Higher dimensional Arrays

So far we have studied 1D and 2D NumPy arrays. We also have higher dimensional arrays. A classic example of a 3D NumPy array is an image dataset. Let us take a look at the legendary MNIST dataset.

import matplotlib.pyplot as plt
from keras.datasets import mnist

train, test = mnist.load_data()

X, y = train

print(X.shape)
print(y.shape)

(60000, 28, 28)
(60000,)

We see that X is a 3D array. The first dimension is the index of the sample, the other two correspond to the location of the pixels in an image.

Let us look at a sample image. It is of shape \(28 \times 28\).

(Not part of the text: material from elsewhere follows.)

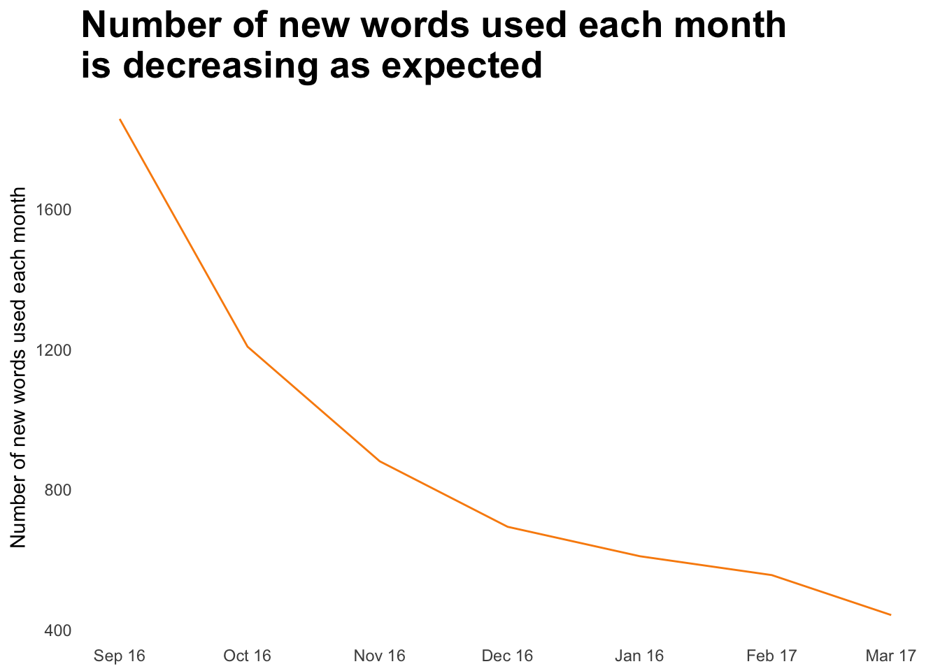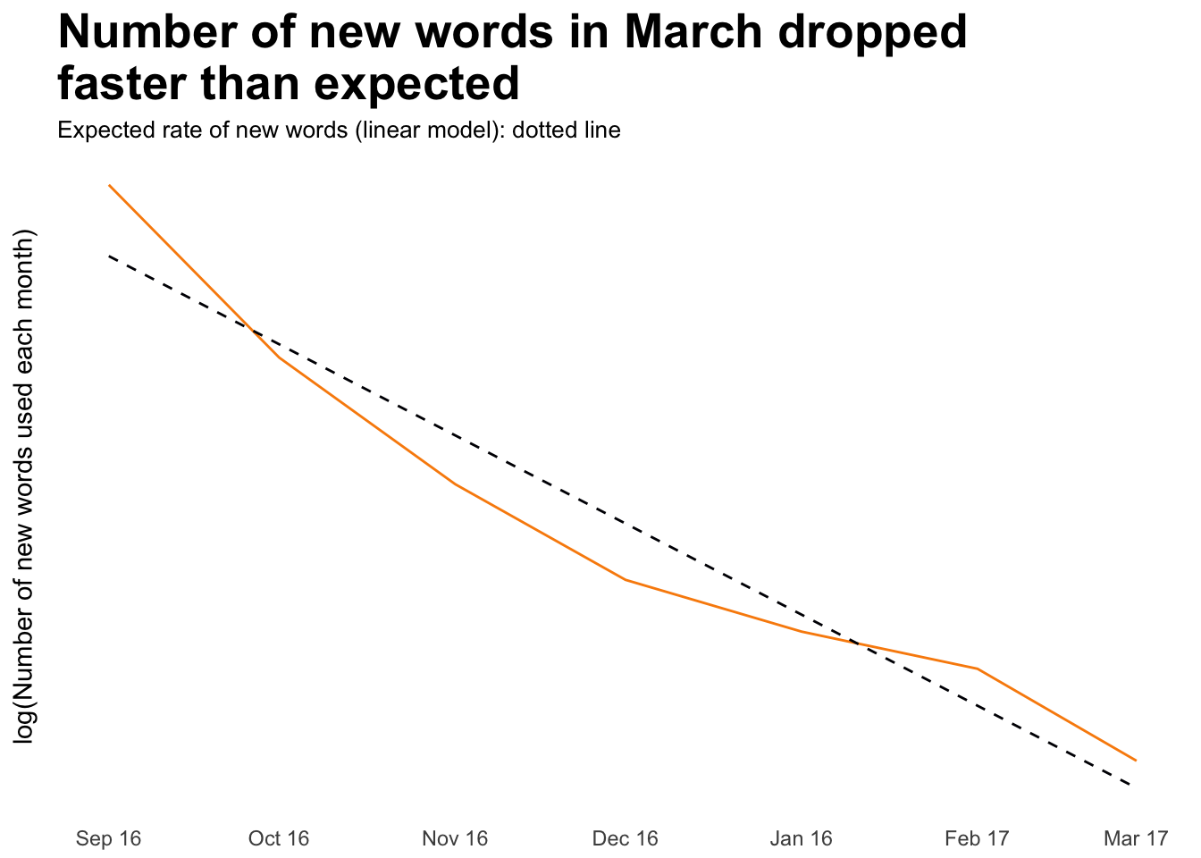 Or one could argue that March is the normal rate and it was in October and November 2016 that the rate was high and then it slowed down as the year turned. The dotted line shows a linear trend which means the slow down of new words is constant each month.

# extract an image with label "7"
img = X[y == 7][0]
print(img.shape)
# Plot this image
plt.imshow(img, cmap = 'gray');

(28, 28)

If we wish to treat \(X\) this as a tabular dataset, we can would have to reshapt it so that it is of the form \(d \times n\). Here is where the index \(-1\) comes in handy:

print('Original shape', X.shape)
X_reshaped = X.reshape(60000, -1).T
print('Final shape', X_reshaped.shape)

Original shape (60000, 28, 28)
Final shape (784, 60000)

We can now treat this as a data-matrix of shape \(d \times n\), where \(d = 784\) and \(n = 60,000\). Notice that we didn’t have to compute the value \(784\) explicitly and left NumPy to do that task for us. Let us quickly check whether X_reshaped is a view or a copy.

X_reshaped.base is X

True

It turns out that X_reshaped is a view.